For instance, Reese's generated brand awareness for Reese's Pieces with a playable ad in the Pac-Man style, in which players swallow Reese's Pieces instead of the usual pellets and ghosts. This brilliant marketing campaign has generated high interaction and repeats plays
Or you can look at PayPal for another example. In 2019, PayPal recently introduced a new feature for instant transfer. The company then built a playable experience to advertise the feature to current users and to attract potential users to try the service. Creating a playable experience helps PayPal attract new and keep existing customers in an innovative way.
8. Make your customers say “yes”
YES is a very powerful word. It's the green light at the door that lets you in. Having people say yes to little things before going for the win is an age-old sales strategy. This provides a feeling of connection and pleasantness.
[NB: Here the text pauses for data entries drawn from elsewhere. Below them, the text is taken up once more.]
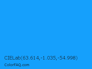 CIELab 63.614,-1.035,-54.998 Color is a normal blue color and the nearest color is Dodger Blue #1e90ff. Hex code #15a0fc and RGB value is rgb(21,160,252). In RGB color space, this color is composed of 8% red, 63% green, 99% blue, In CMYK color space, this color is composed of 92% cyan, 37% magenta, 0% yellow , 1% black , In HSL color space, this color has a hue angle of 204° , 97% saturation and 54% lightness.
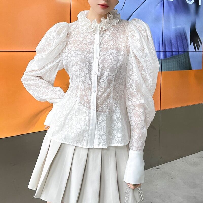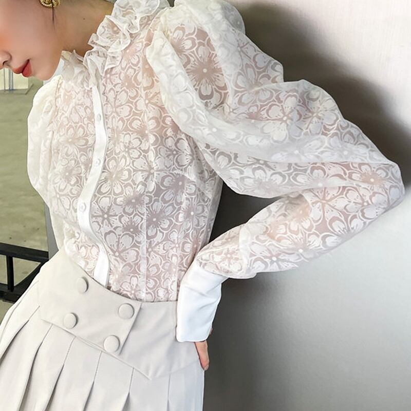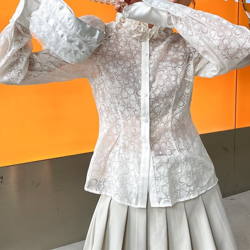 シアー 花柄 フリル襟 長袖 シャツ ブラウス *bl342
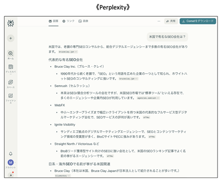一方のPerplexityは、使ってみるとすぐに「これは検索の未来だ」と感じるツールです。回答のすぐ下に出典URLが並ぶので、SEOの調査や海外の最新動向を追うときに非常に助かります。特に私はGoogleのAIモードや米国SEO業界の論文を常にチェックしていますが、Perplexityは記事を横断的に調べてエビデンス付きで情報を返してくれるので、情報の信頼性を確かめたいときには欠かせません。また、ChatGPTよりも「情報探索力」が強い印象があり、調査リサーチ系の業務では大きな時短効果を感じます。
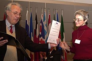 Russian journalist Anna Politkovskaya received the 2003 OSCE Prize for Journalism and Democracy from Freimut Duve at the Parliamentary Assembly's Winter Meeting in Vienna, 20 February 2003.
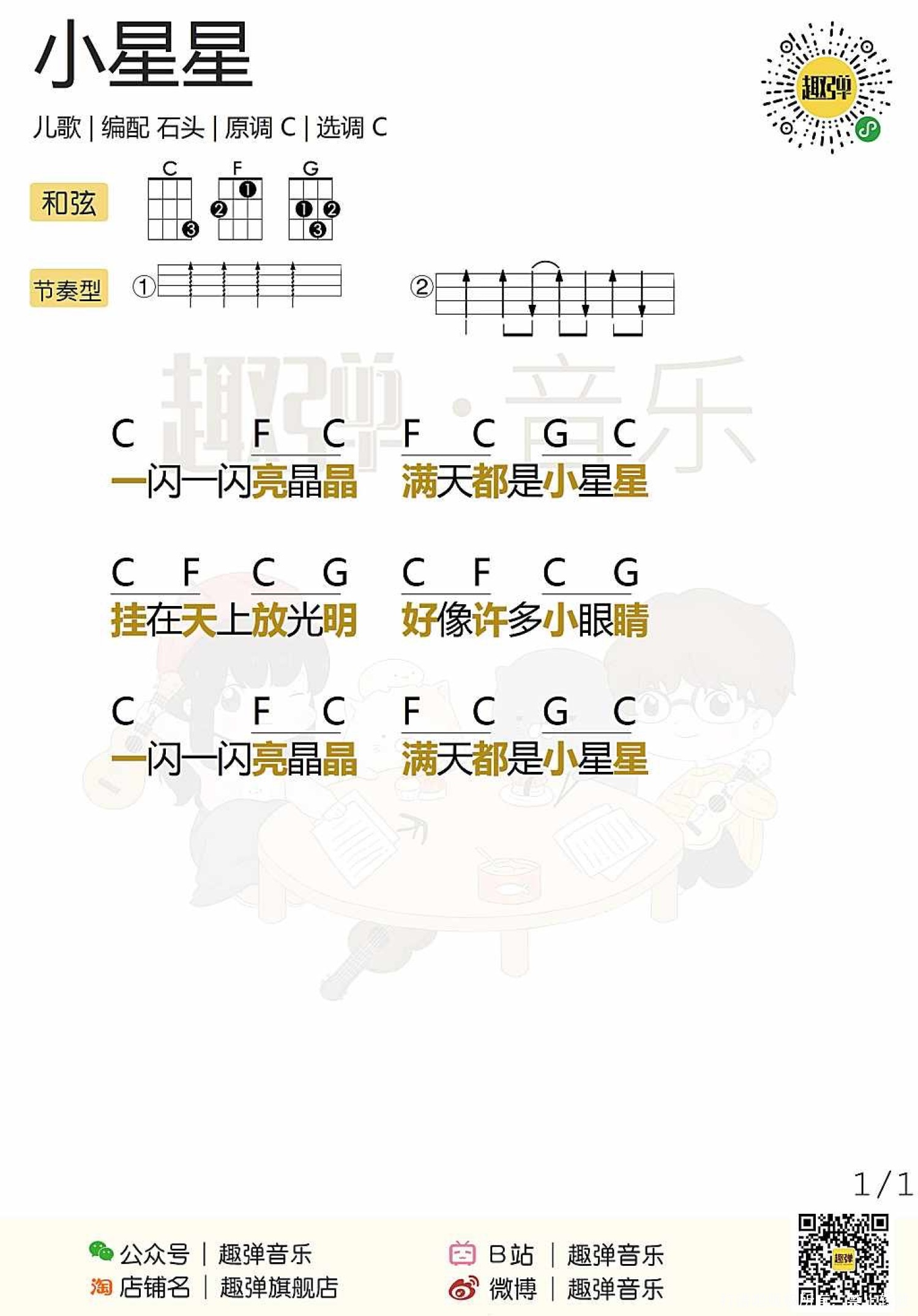 曲谱介绍: 儿歌《小星星》尤克里里谱,共有1张高清图谱,免翻页排版设计。
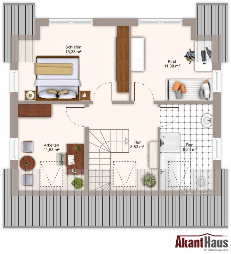 Unser 1,5 Geschosser bietet in der 4- Raum Variante die größtmögliche Wohnqualität auf geringer Grundfläche. Lassen Sie durch die bodentiefen Fenster die Sonne in Ihr Haus und genießen Sie die hellen und großzügig geschnittenen Räume. Das Vollbad mit seiner hochwertigen Sanitärausstattung lädt zum Entspannen und Träumen ein.
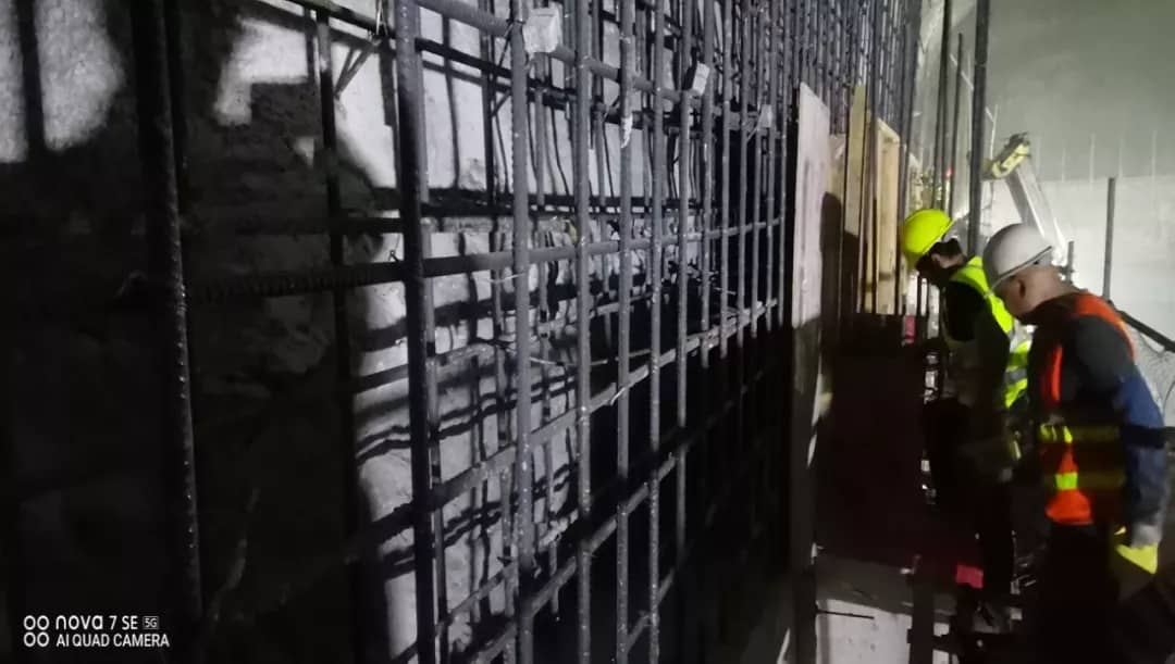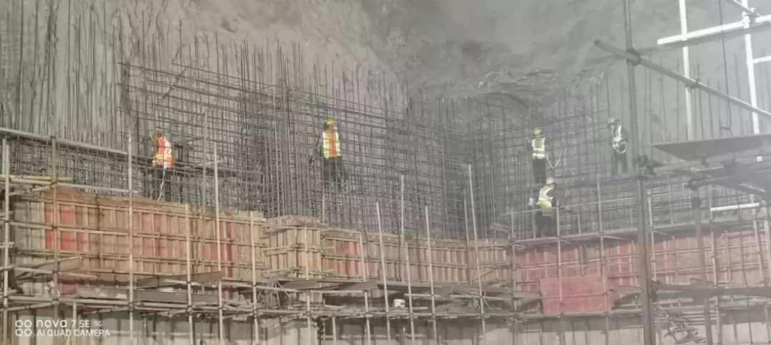 1#、2#破碎硐室是整個(gè)開拓系統(tǒng)工程的“咽喉”,上連主礦倉(cāng),下連皮帶輸送平硐,其施工質(zhì)量和進(jìn)度對(duì)整個(gè)開拓系統(tǒng)工程至關(guān)重要。破碎硐室圍巖性質(zhì)較差,且斷面大,高度高,凈高度達(dá)25米,對(duì)硐室開挖和支護(hù)帶來很大困難;破碎硐室后期腳手架搭設(shè)量大,鋼筋制作、綁扎量大,模板工程量大,混凝土澆筑量大,結(jié)構(gòu)復(fù)雜,且作業(yè)空間受限,給土建施工帶來極大的挑戰(zhàn)。對(duì)于1#、2#破碎硐室的施工,為保證安全、質(zhì)量和進(jìn)度,項(xiàng)目部多次組織圖紙會(huì)審,認(rèn)真分析每個(gè)施工環(huán)節(jié),在施工過程中合理安排施工順序,加強(qiáng)組織協(xié)調(diào),增開措施巷道,有效地保證了破碎硐室的順利施工。
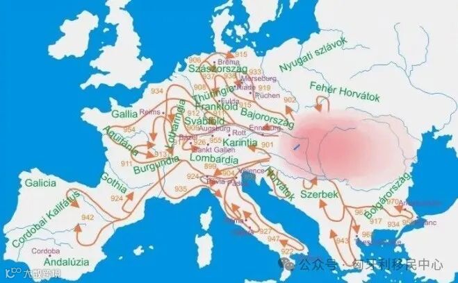 “匈牙利”这个名字,是误传的结果。在今天,全世界其他所有国家的人都将匈牙利称为“匈牙利”、将匈牙利人称为“匈牙利人”,只有匈牙利人将自己的国家称为“马扎尔国”(Magyarország),将自己称为“马扎尔人”(Magyar)。那么全世界人民为什么都将这个马扎尔国叫作“匈牙利”呢?原来,马扎尔国最早建立时,是从七个马扎尔部落拉来三个突厥部落小伙伴——三个可萨人部落,组成一个部落联盟。它们都是游牧部落,因此盟誓典礼也带有浓厚的游牧民族色彩。在盟誓时,大家垒起一座石碓,每个部落都拿出一支象征自己部落的箭,共十支箭捆在一起,插在石碓上方,象征着联盟的成立。这个部落联盟的名字是“On-Ogur”,它在突厥语中是“十支箭”之意,引申为“十箭联盟”之意。这一名号首先传到了最为邻近的斯拉夫人耳中,斯拉夫人根据自己本民族语言的发音,将这个部落联盟的名字讹读为“Vengr”,后来这个名词由斯拉夫人传入欧洲,并被一再讹传,就成为今天全世界人民口中的“匈牙利”。
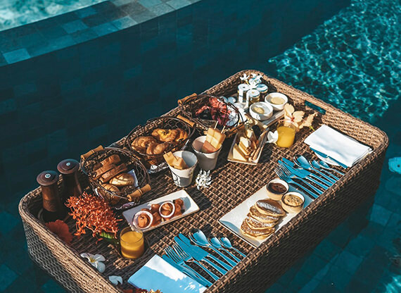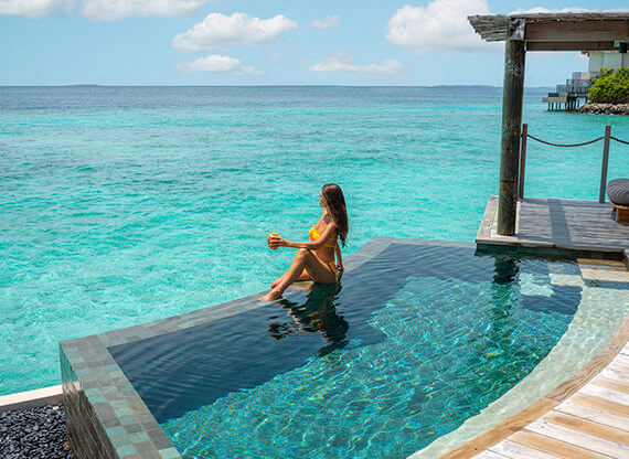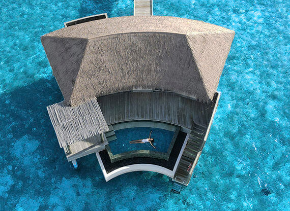 Очаровательная Overwater Pool Villa представляет собой элегантную композицию из просторной спальни-студии и комплекса вспомогательных помещений: просторной ванной комнаты, гардеробной, изолированного санузла и душевой. Вилла дополнена просторной террасой и оригинальным инфинити-бассейном прямоугольной формы.

Many companies use social media to make customers say yes to their offers: pump up an audience with social marketing, get them to take a minor step (watch a video or sign up for an email list), gain trust, and convert. This entire process is a series of small agreements which gradually open the door to a sale.
Kesimpulan
It is recommended that you start each marketing campaign by humanizing your end user. This is particularly important for any smart marketer. Marketing psychology on its own would not be enough to get the job done, though. There is no perfect general implementation. You need to incorporate marketing psychology with other marketing techniques that make sense of the product or service you offer to optimize success. In other words, approach from all directions.
Ongoing enhancement and refining help to optimize ad strategies, so you also should spend time on it. A blanket approach is rarely of use in any real-life situations. At the end of the day, discovering your own magic formula for success is up to you.
Remember, there is no “one-size fit-all” marketing strategy. What makes one business successful may turn another down. All in all, study your customers, figure out what they want and need, then work to find the finest way to close the deal.
Now, it's high time you put the theory to practice and apply psychology to your own marketing!